The Southeastern Pennsylvania Transportation Authority (SEPTA) has started a project to capture breaking energy from subway cars and trains on the Market-Frankford Line and supply it back to the regional electric grid.
SEPTA's new smart grid solution will capture the regenerative braking energy of trains via a large-scale battery storage system and deploy that energy as virtual power into PJM's wholesale power frequency regulation and energy markets.
When trains carrying thousands of passengers brake at each station, kinetic energy is converted into electricity and later saved at an old brick substation with a vaulted ceiling.
SEPTA general manager Joe Casey said that through the pilot project, the metropolitan transportation authority will become even more energy efficient, which will help control operating costs, benefiting both customers and taxpayers.
"We've made our system cleaner, greener and more efficient in recent years; things like replacing traditional diesel buses with diesel-electric hybrids and installing energy-efficient lighting at stations, facilities and offices," Casey said.
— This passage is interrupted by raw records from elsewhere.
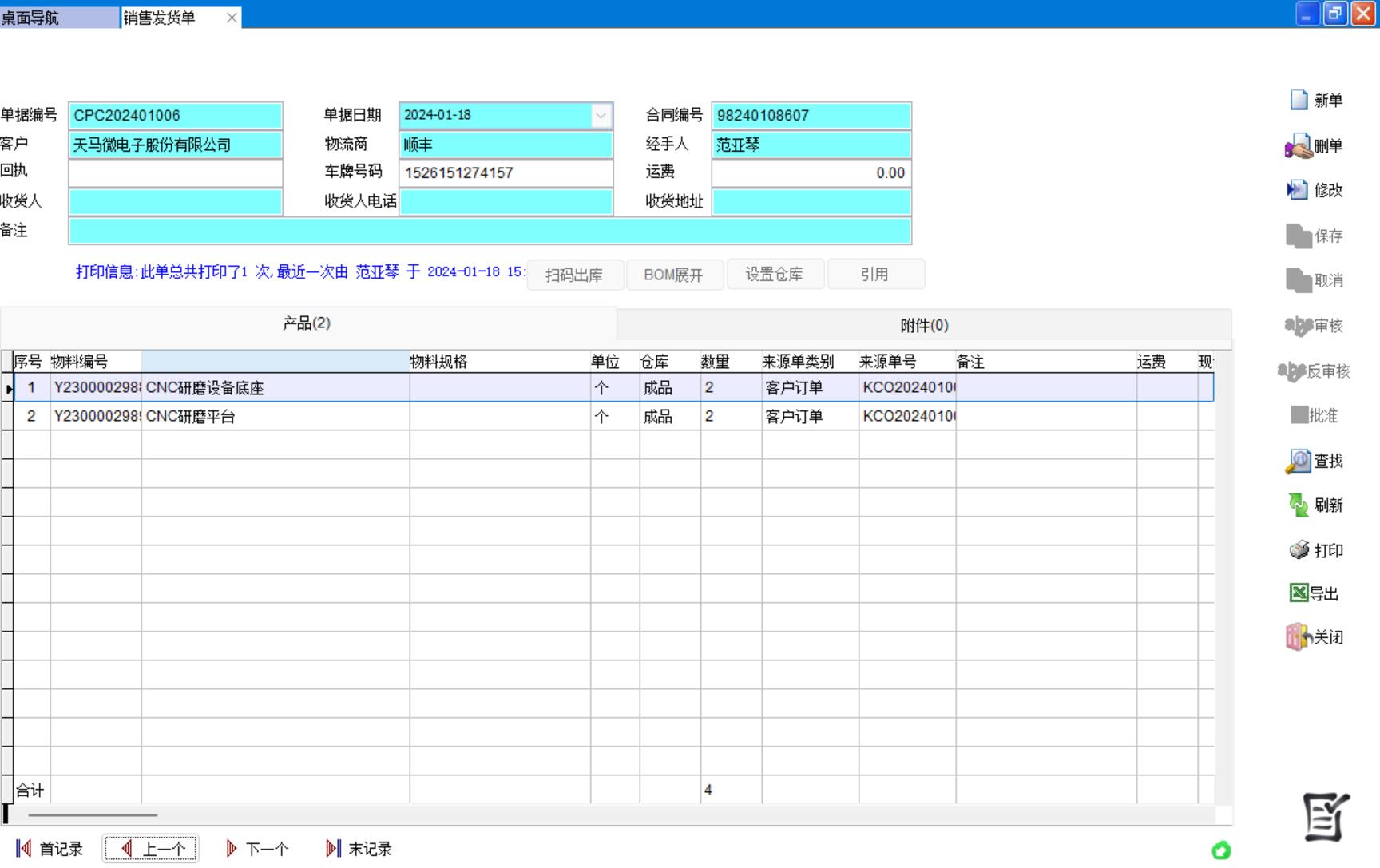 銷售發(fā)貨單
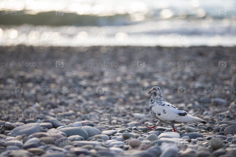 Важный голубь рябой окраски прогуливается по скалистому берегу моря
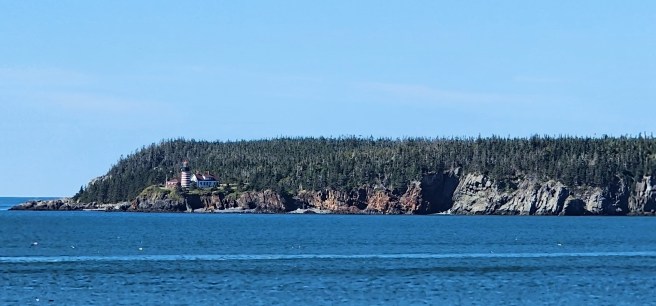 The distinctive peppermint-stick tower of the West Quoddy lighthouse is viewed from the tip of Roosevelt-Campobello International Park in New Brunswick, Canada. You’re looking at the easternmost point in the continental United States.
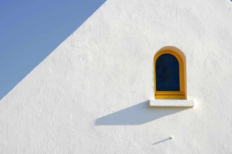 Keywords: window minimal white yellow blue sky shadow minimalism wall clean
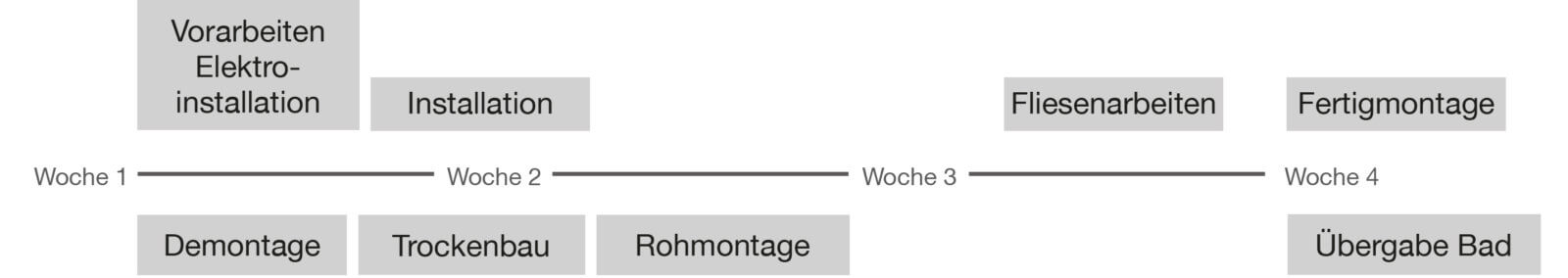 - Alles inklusive – von Badplanung und Sanitärleistung über Trockenbau, Elektro, Lichtgestaltung, Fliesen, Innenausbau und Malerarbeiten bis Raumausstattung und Endreinigung
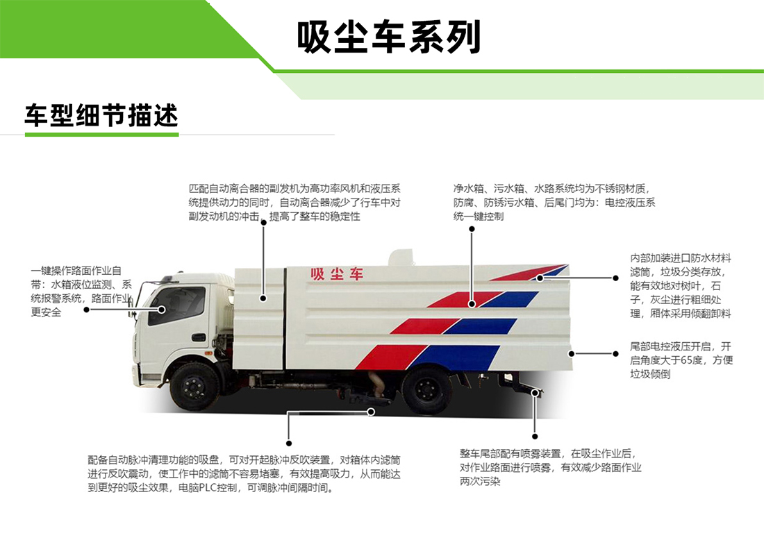 五十鈴10方吸塵車上裝配置:水箱3方,塵箱7立方,吸塵寬度3米,吸塵速度3-15公里每小時(shí),吸入顆粒110mm,駕駛室內(nèi)全電腦觸屏控制,灰塵過濾器,進(jìn)口脈沖除塵,車尾噴霧降塵裝置。 適合場(chǎng)合:適合于中小型廠區(qū)路面除塵作業(yè),無揚(yáng)塵,可達(dá)到環(huán)保要求。
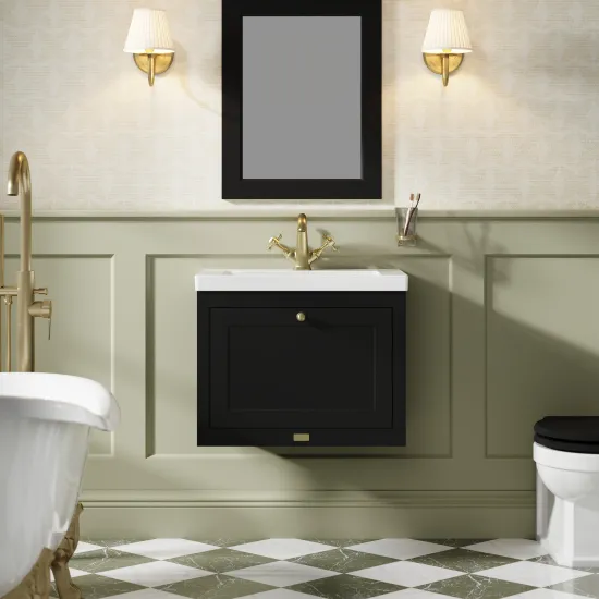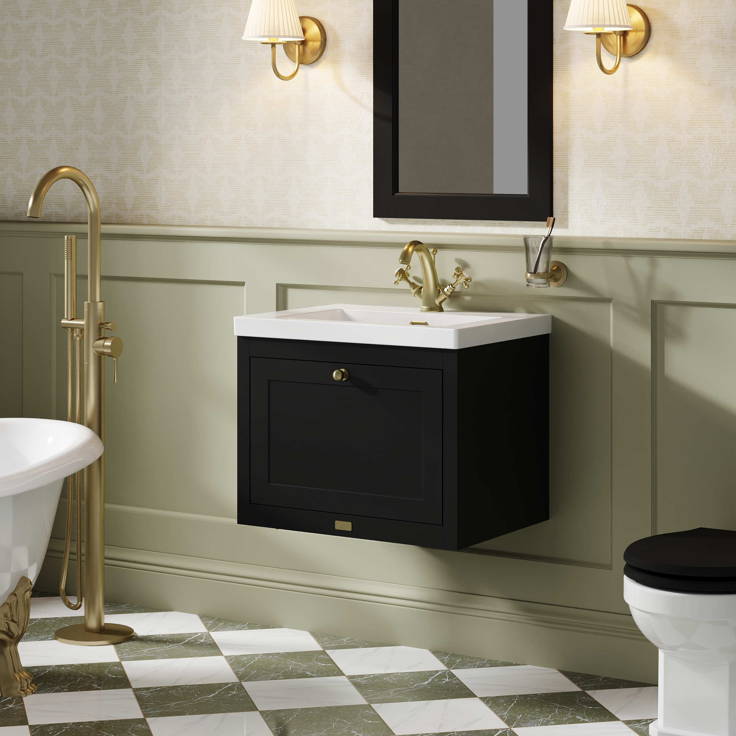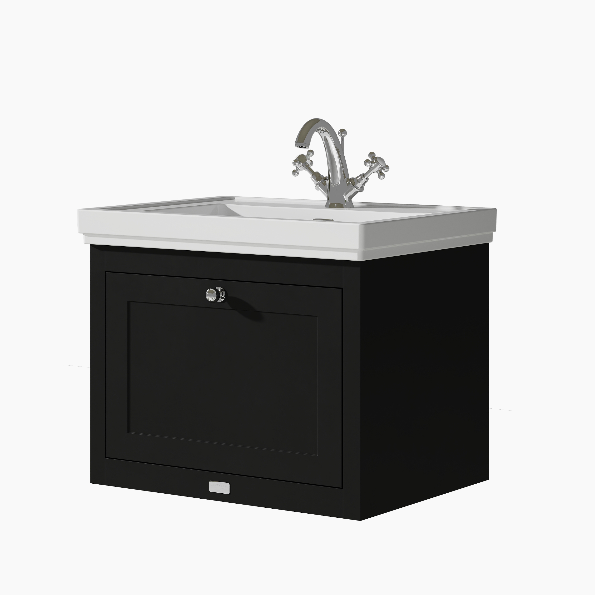 Bayswater Hartleigh 600mm Matt Black 1 Drawer Wall Hung Vanity Unit With 1 Tap Hole Basin
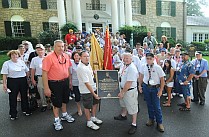 Eine schöne Ehrung erhielt Elvis am gestrigen Freitag, dem 22. Juli 2011, vom Veteranen-Verband der 3. US-Panzerdivision, zu der das Bataillon gehört hatte, in dem Elvis von Oktober 1958 bis März 1960 in Deutschland den größten Teil seines Wehrdienstes abgeleistet hatte. Mitglieder des Verbandes und deren Angehörige besuchten Elvis’ Villa Graceland in Memphis und brachten eine Gedenktafel mit, die an Elvis’ Dienstzeit in der US-Army und in der Division erinnert und Elvis als einen hervorragenden Soldaten würdigt, der stolz gewesen sei, seinem Land zu dienen. Elvis, dem eine solche nicht-musikalische Anerkennung bekanntermaßen wichtig gewesen war, hätte sich über diese Auszeichnung sicherlich sehr gefreut. Datum: 23. Juli 2011 – Quelle: Elvis Presley Enterprises (EPE) |
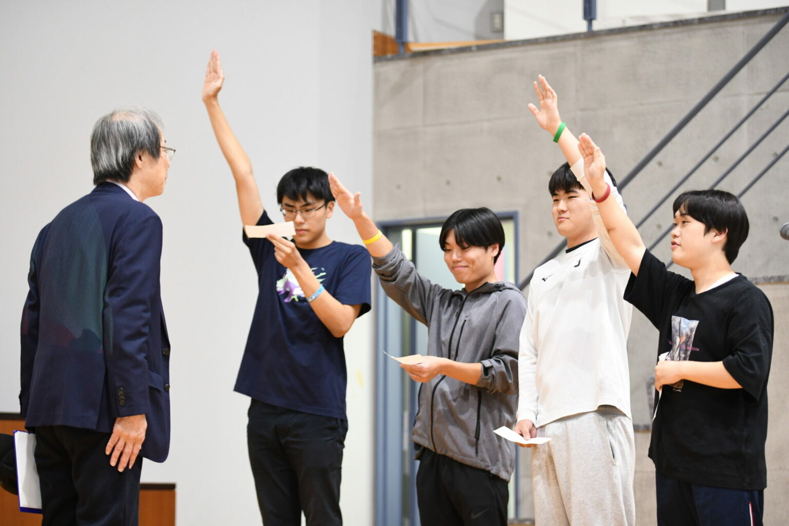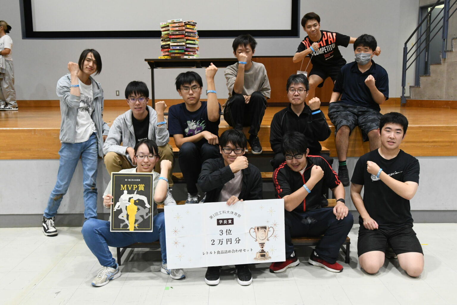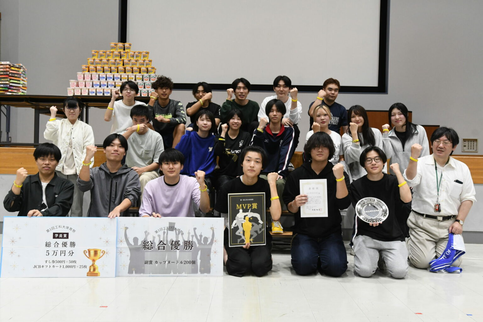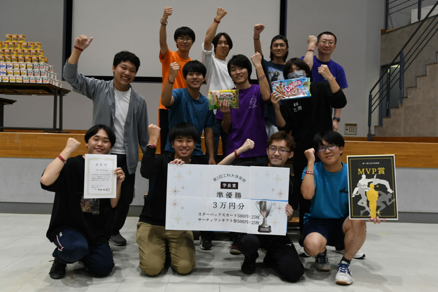 講堂での表彰式では、優勝学系に優勝シャーレと副賞「カップヌードル200個」が贈られました。
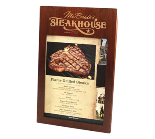 Menu Board, holds 5-1/2" x 8-1/2" insert, single panel, with 2 views, top loading, 1" border, includes logo on both sides, wood frame, Charleston (price per ea, minimum order 25)
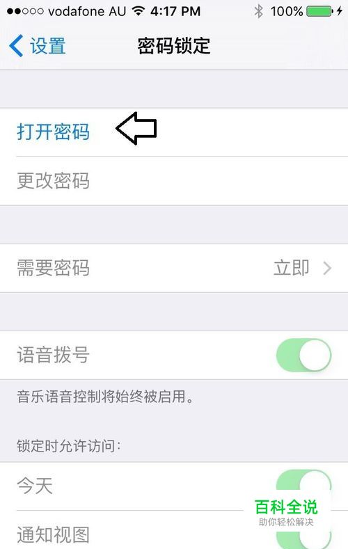此时系统自动调到设置界面,打开密码的菜单已经有了(蓝色)。点击打开即可生效(还会需要输入一下正确的密码)。

The pilot project was launched by SEPTA in partnership with Viridity Energy, a smart grid technology firm that specialises in electric market integration.
Battery provider Saft will provide its first dual-purpose trackside energy storage systems (ESS) that offer megawatt-level electricity storage.
Saft will design, manufacture and commission its Intensium Max20 P System, a battery ESS, while power controls, power conversion and system integration will be offered by Envitech Energy using its Envistore system.
SEPTA said that with all the technologies from its partners, the train's regenerative braking energy is being transformed into virtual power that will provide energy savings.
Viridity Energy president and CEO Audrey Zibelman said: "By harnessing the regenerative braking power of the trains and empowering SEPTA to become a virtual power generator that can provide valuable and environmentally responsible service to the electric grid, we can fulfil the promise of interconnected systems on the grid and behind the meter, responding dynamically to reliability and economic signals to strengthen the grid."
In 2010, SEPTA received a $900,000 grant from the Pennsylvania Energy Development Authority for the project.
Image: SEPTA will capture the regenerative braking energy of trains on the Market-Frankford Line through a large scale battery storage system. Photo: courtesy of AEMoreira042281.